2003). Le couvercle du 19S est constitué de 8 sous-unités non ATPasiques (RPN3, 5 à 9 et RPN 11 et 12). Les fonctions du 19S sont la reconnaissance et la fixation de la protéine polyubiquitinée en K48, le retrait de la chaîne de polyUbs, le dépliement de la protéine cible et le transfert dans la chambre protéolytique du 20S. Les peptides clivés sortent du 20S par l’ouverture du cylindre grâce à l'énergie produite par l'hydrolyse de l'ATP catalysé par les sous-unités ATPasiques de la base du 19S.

D’autres protéines peuvent se lier plus faiblement au complexe 26S, suggérant que ce complexe multimérique serait à l’origine d’un plus grand complexe dynamique (Schmidt et al, 2005). Par exemple, chez les plantes, 2 protéines kinases (un homologue de SNF1 et une

protéine de la famille des kinases dépendante du calcium) interagissent avec le 26S sans doute pour réguler son activité (Farras et al, 2001 ; Lee et al, 2003). Chez la levure, la E3 de type

HECT Hul5, la déubiquitinase Ubp6 et la protéine Ecm29 aident à l’interaction du RP avec le CP. Des homologues de ces gènes ont notamment été retrouvés chez Arabidopsis.

Tableau 4 : Exemples de la fonction de gènes de la voie UPS, dans le développement d’Arabidopsis thaliana

De plus, le protéasome 20S peut également être retrouvé seul dans les cellules. Il assure une dégradation indépendante de l’ubiquitine des protéines oxydées par les espèces activées de l’oxygène et jouerait un rôle important dans les mécanismes de défense contre les potyvirus TMV et LMV du fait de son activité RNAsique (Kurepa et Smalle, 2008).

5.2 Les fonctions de l’UPS

La voie UPS a lieu dans le noyau et le cytoplasme, mais également sur la surface interne de la membrane plasmique et dans le réticulum endoplasmique. Elle est utilisée pour dégrader des régulateurs clés à courte durée de vie mais sert également à dégrader des protéines anormales ou à mauvaise conformation. On estime que pas moins de 30% des produits initiaux de traduction sont non-fonctionnels et sont rapidement dégradés par la voie UPS (Schubert et al, 2000).
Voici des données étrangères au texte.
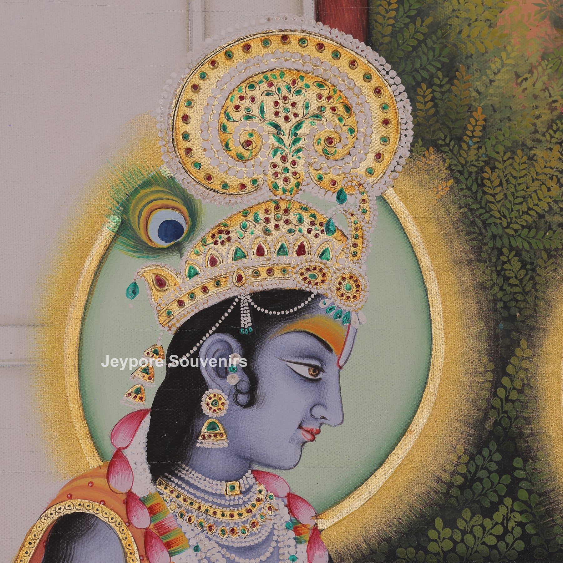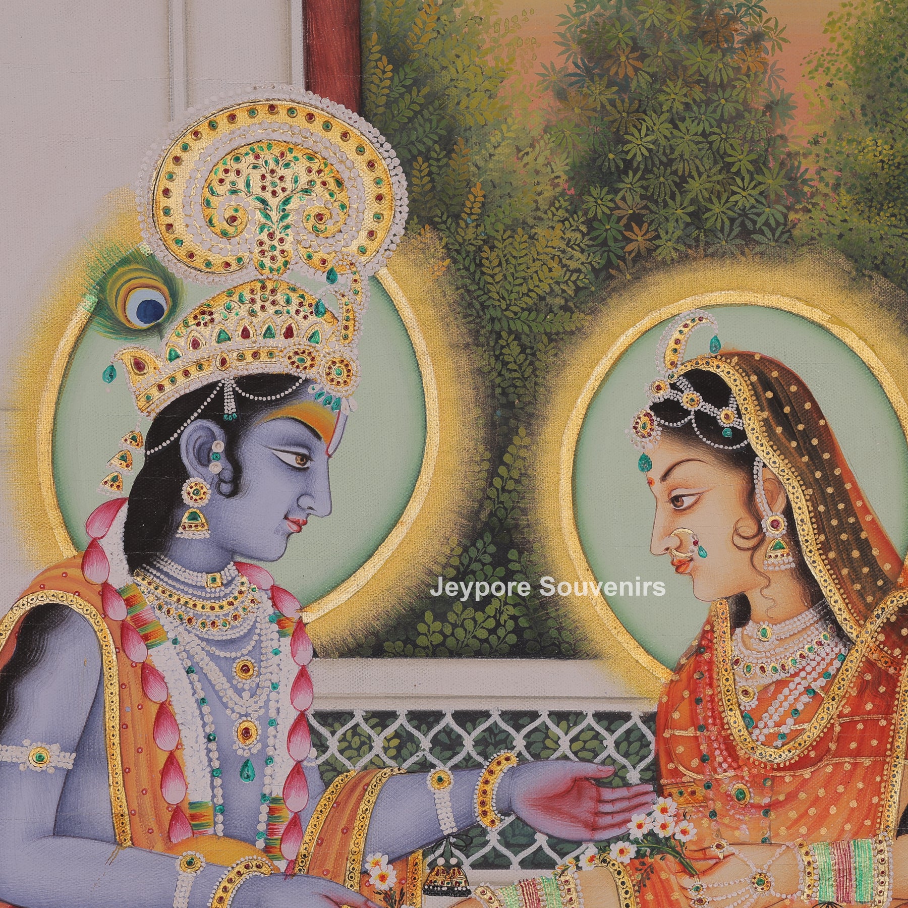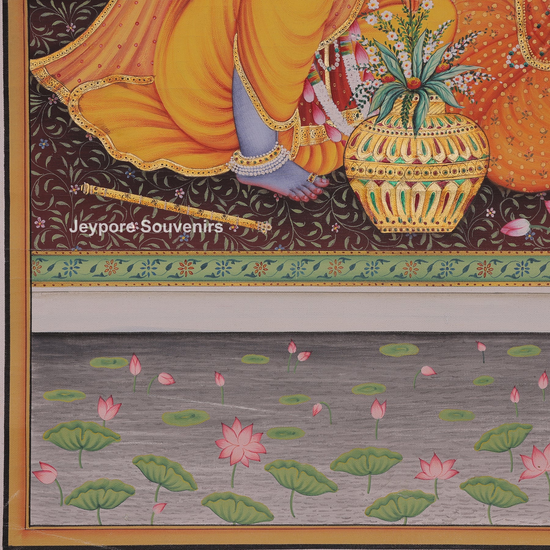 This painting shows Krishna and Radha sitting peacefully together on a decorated platform. Krishna is gently offering flowers to Radha, and Radha is looking at him with a calm and loving expression. Both are wearing beautiful traditional clothes and jewelry. A flower pot is placed between them, showing care and devotion. Behind them is a palace wall, trees, and a soft evening sky. Below, lotus flowers float on water, adding beauty to the scene. The image shows love, peace, and togetherness in a quiet royal setting

Les régulateurs clés incluent notamment des enzymes limitantes

de certaines voies métaboliques. En conférant une courte demi-vie à ces protéines, la voie UPS régule finement des flux métaboliques et peut diminuer le métabolisme quand le substrat est limité ou que le produit de la réaction métabolique est en excès et n’est plus nécessaire. Chez le soja, par exemple, la voie UPS dégrade une pyruvate kinase afin de contrôler la répartition du carbone dans la plante (Tang et al, 2003). Parmi les régulateurs clés sont

également retrouvés des récepteurs de signalisation ainsi que des activateurs ou répresseurs de la transcription (Clough et al, 1999 ; Hellmann et Estelle, 2002 ; Vierstra, 2003).

La voie Ubiquitine-Protéasome 26S impacte presque tous les aspects de la croissance et du développement de la plante, affectant notamment le cycle cellulaire, l’embryogénèse, la photomorphogénèse, la sénescence, les mécanismes de défense, les réponses à des stimuli de l’environnement et la signalisation hormonale (Vierstra, 2009 ; Tableau 4).